Серебро влаги, налипшей на окна, подсказывало: с утра прохладно. Но уже тянулись, тянулись по небу светлые нити солнца, ткали узор в клубах серых туч, робко струились на землю.
Завьялов наскоро умылся, перекусил на кухне холодной рыбой, запил водой и вышел на воздух. Пахло осокой, арбузами — действительно, так пахнет весна, хотя до нее еще — недели и недели. Но уже сама мысль о весне, сулящей тепло, несущей с собой надежды на что-то неведомое, но обязательно хорошее, наполняла грудь радостью. Завьялову хотелось пропеть что-нибудь дурашливое, бодрое, но он сдерживал себя, чтобы и впрямь не распеться под окнами казармы.
Не терпелось увидеть Лагунцова. Но Лагунцов — Завьялов об этом знал — после вчерашнего разговора вернулся на заставу, дежурил остаток ночи, и Николай не стал ломиться в канцелярию, чтобы не нарушать его законного отдыха.
Минуя часового, Николай прошел к беседке, опутанной сухими прутьями декоративного винограда. Хотелось подольше насладиться тишиной утра, покоем, и Завьялову поначалу показалось странным такое желание, таким же непривычным и странным, как желание петь.
В общем-то, Завьялов понимал, что тяжесть его настроения помог преодолеть начальник заставы, и не далее как вчера. Но он заставлял себя, как в детстве, не думать об этом: в нем, в нем самом возникла эта простая песня души — от доброго утра, от свежести воздуха, от легкости в груди — от всего того, что невесомо влекло его, как по ветру, к беседке.
В беседке кто-то был — Завьялов почувствовал присутствие в ней человека, еще не заходя туда. С любопытством заглянул: кто это так рано? Качнулся сквозь лозу белый чубчик, мелькнула синева глаз — Олейников.
— Здравия желаю, товарищ старший лейтенант! — Солдат поднялся навстречу.
— Доброе утро, Петр. Чего до подъема встал?
— Так. Солнце в глаза ударило. Подумал: весна.
— Любишь весну? — спросил Завьялов, присаживаясь на скамейку, охватывающую беседку кольцом.
— А кто ее не любит? — задумчиво сказал солдат.
— Это верно, — с готовностью подхватил Завьялов. — Но некоторым осень больше нравится.
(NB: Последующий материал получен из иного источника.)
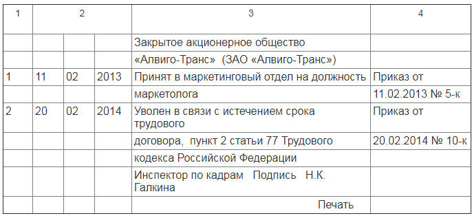 Если запись в трудовой книжке при приеме по срочному трудовому договору не должна отображать временный характер работы, то в записи об увольнении по причине окончания срока работы этот факт обязательно должен быть отражен.
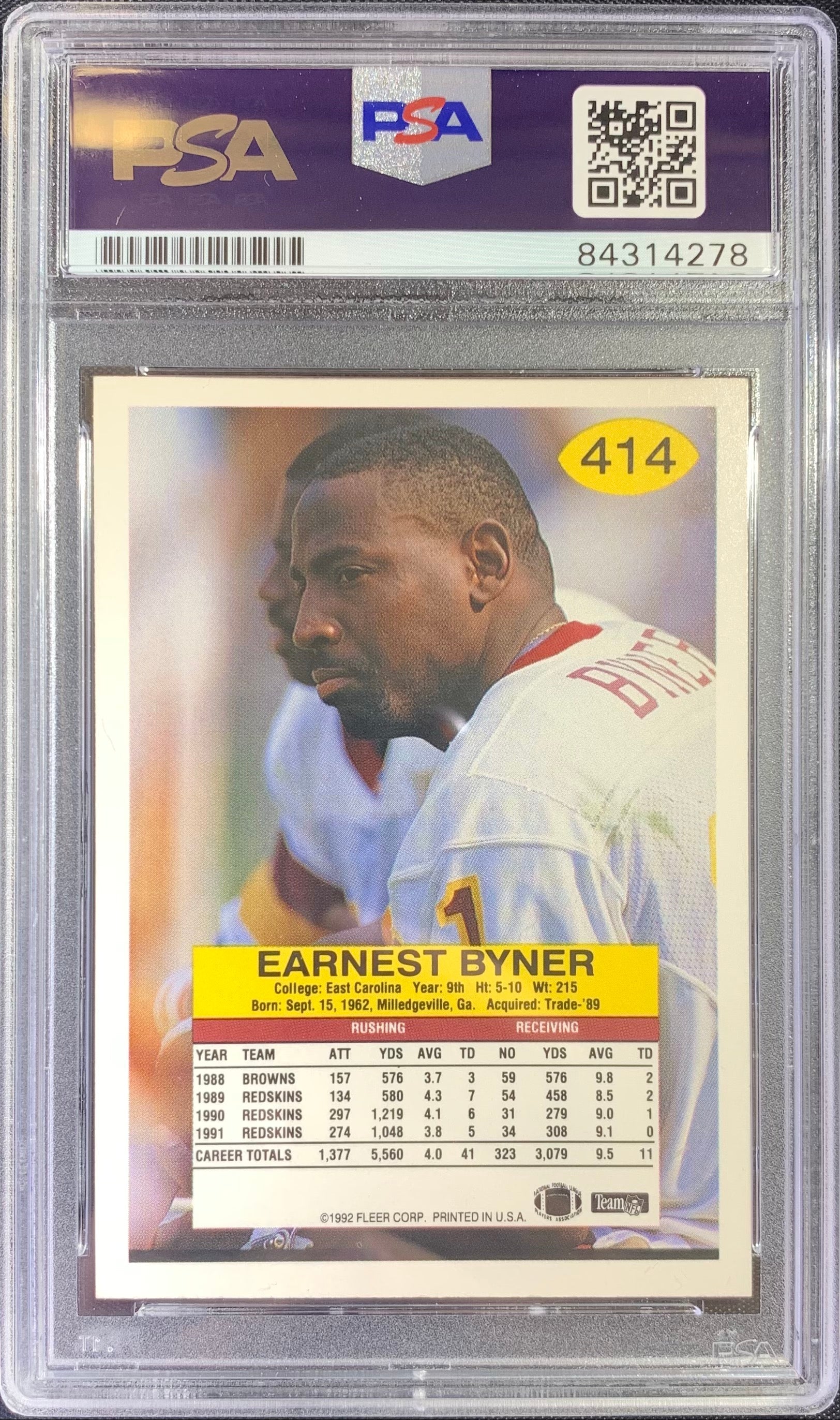 Earnest Byner autographed signed 1992 Fleer card #414 Redskins PSA Encapsulated

Пушкин, например, осень любил.
— А чего в ней хорошего, в осени? — спросил Олейников, оживляясь. — Каплет за шиворот, студит, ветром гонит отовсюду.
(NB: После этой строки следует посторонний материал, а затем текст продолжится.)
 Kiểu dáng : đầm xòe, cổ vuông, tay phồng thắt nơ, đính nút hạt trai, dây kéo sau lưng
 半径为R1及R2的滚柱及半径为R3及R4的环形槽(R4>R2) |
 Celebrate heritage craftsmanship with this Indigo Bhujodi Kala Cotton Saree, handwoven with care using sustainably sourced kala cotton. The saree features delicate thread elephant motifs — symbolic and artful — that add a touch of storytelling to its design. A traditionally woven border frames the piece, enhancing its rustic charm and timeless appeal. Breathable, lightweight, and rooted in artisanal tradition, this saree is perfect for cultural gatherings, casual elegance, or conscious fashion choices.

— Ну, осенью-то, особенно дождливой, больше дома сидят, — протянул Завьялов, будто и впрямь ощутил зябкий холод осени. — Гражданские, конечно, — поправился он. — На границе все по-другому.
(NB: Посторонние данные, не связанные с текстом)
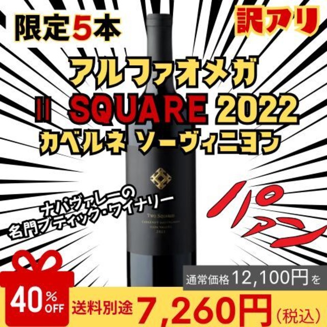 ※※※こちらの商品は、デザイン変更、エチケット(ラベル)破れや汚れ、二重貼りやラベル無し、キャップシール無しなど、外装に損傷ありの商品をアウトレットとして販売しております。そのため、上記の理由とする返品につきましてはご対応いたしかねます。予めアウトレット品であることを十分ご了承いただいた上でご注文をお願申し上げます。※※※ ■商品について■ 原産国:アメリカ合衆国 ワイナリー:アルファ・オメガ・ワイナリー ・アルファ オメガ ツー スクエア 2022(赤)750ml ※ワインの詳細は画像をご確認ください。 ■商品のお届けについて■ ・アウトレット商品の発送は、毎週火曜日、金曜日の2回のみとなります。 ▶月曜日午前中までのご注文→火曜日発送 ▶木曜日午前中までのご注文→金曜日発送 ・お届け日のご指定は承れませんのでご注意ください。 ・クール便をご指定の場合は、クール便(別途440円)を選択したのち、カートにお入れください。 ※冷暗所での保管をお勧めします。 ※セットを複数ご注文の場合、セットごとの梱包ではない場合がございます。 ※アウトレット品のため、配送用の箱に記載の銘柄と内容は必ずしも一致いたしません。 ※数に限りがございます。売り切れの際はご容赦ください。 ※こちらの商品は送料別途頂戴いたします。
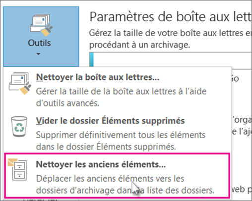- Dans Outlook 2016 : Cliquez sur Fichier > Informations > Outils > Nettoyer les anciens éléments
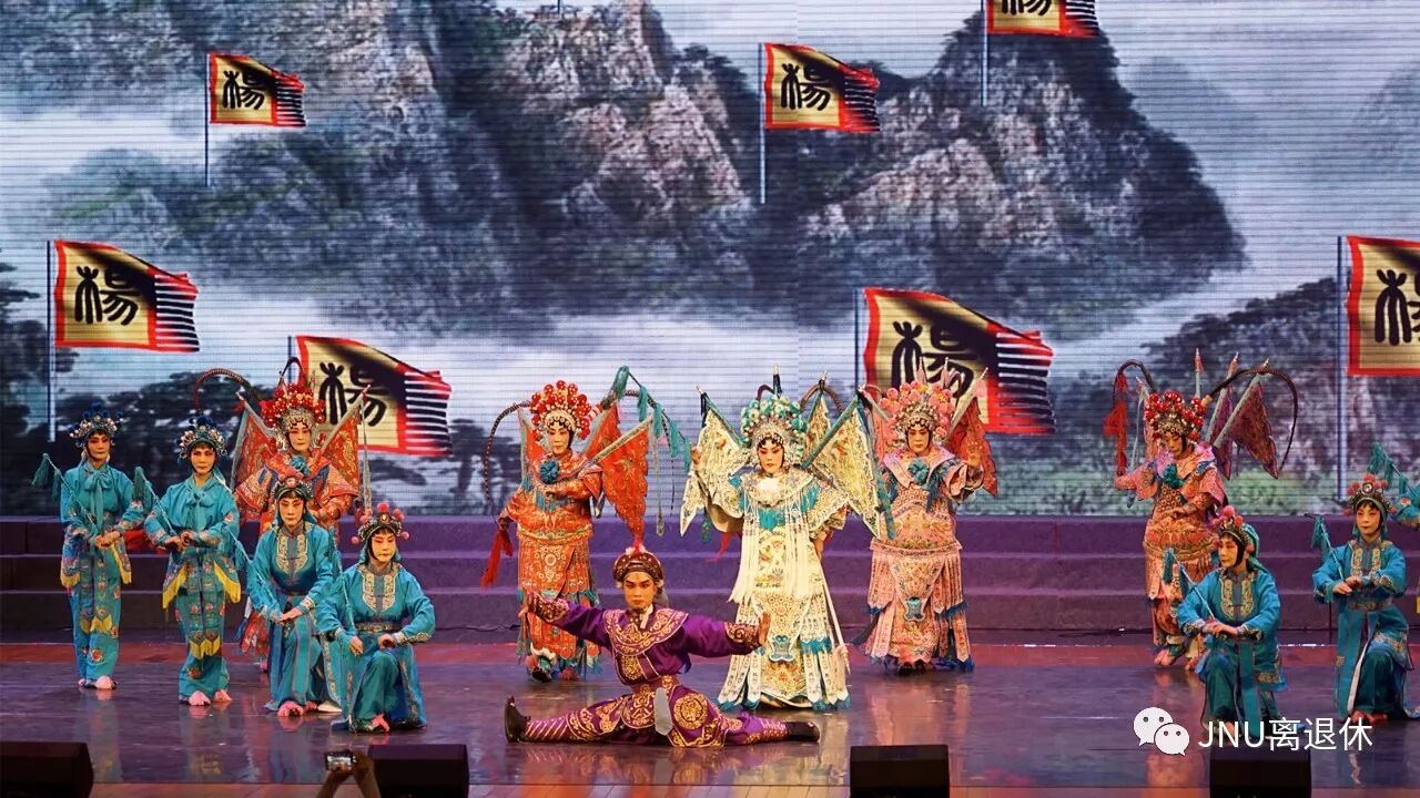 此外,联欢会还特邀省老干部大学国标舞班的学员表演了国标舞《美好时光》,充分展示老人华尔兹技术技巧;南方医科大学离退休工作处的京剧社表演的京剧选段《杨门女将》,则展现了国粹的魅力。最后以“推动新的时代,祖国不会忘记我”的大合唱:《长江之歌》、《祖国不会忘记》结束了表演。精彩纷呈的文艺节目使得整个会场春意盎然,其乐融融。

— Это кто как, — сказал Олейников. — Тесно в доме-то, не повернешься. Всю душу тоской выполощет. А на улице — дурной дух из тебя вон, и ноги носят без усталости, и вообще хорошо. Простор… — договорил он задумчиво.
— Весна — она надежду дает, — продолжил разговор Завьялов.
— Верно, — согласился Олейников. — Весна на душу теплом ложится, барахло из тебя вытряхивает.
Помолчали. Говорить вроде больше было не о чем. Завьялов все порывался завести нужный ему разговор, раз даже рот открыл, примериваясь к первому подходящему слову, но так и не произнес его — побоялся раньше времени насторожить парня.
Поднялся, расправил складки одежды.
— Ну, Петр, ты тут дыши, а я в казарму пойду, что-то замерз немного.
Шел и знал: Олейников глядит ему вслед — спиной чувствовал взгляд. «Плохо, если догадался, какой у меня к нему разговор», — подумал Завьялов, входя в дежурку. Принял, как положено, рапорт об обстановке на границе, затем направился в ленинскую комнату. Потоптался там, бесцельно глядя на стены уголка боевой славы, когда-то оборудованного им и Мишей Пресняком, полистал тяжелые подарочные альбомы.
«Пора бы Лагунцову и встать», — взглянув на часы, прикинул Завьялов и вышел. Из кухни по коридору дразняще тянуло запахом жаркого — Завьялов пожалел, что утром пожевал холодной рыбы. Прошел коридором до канцелярии, негромко постучал.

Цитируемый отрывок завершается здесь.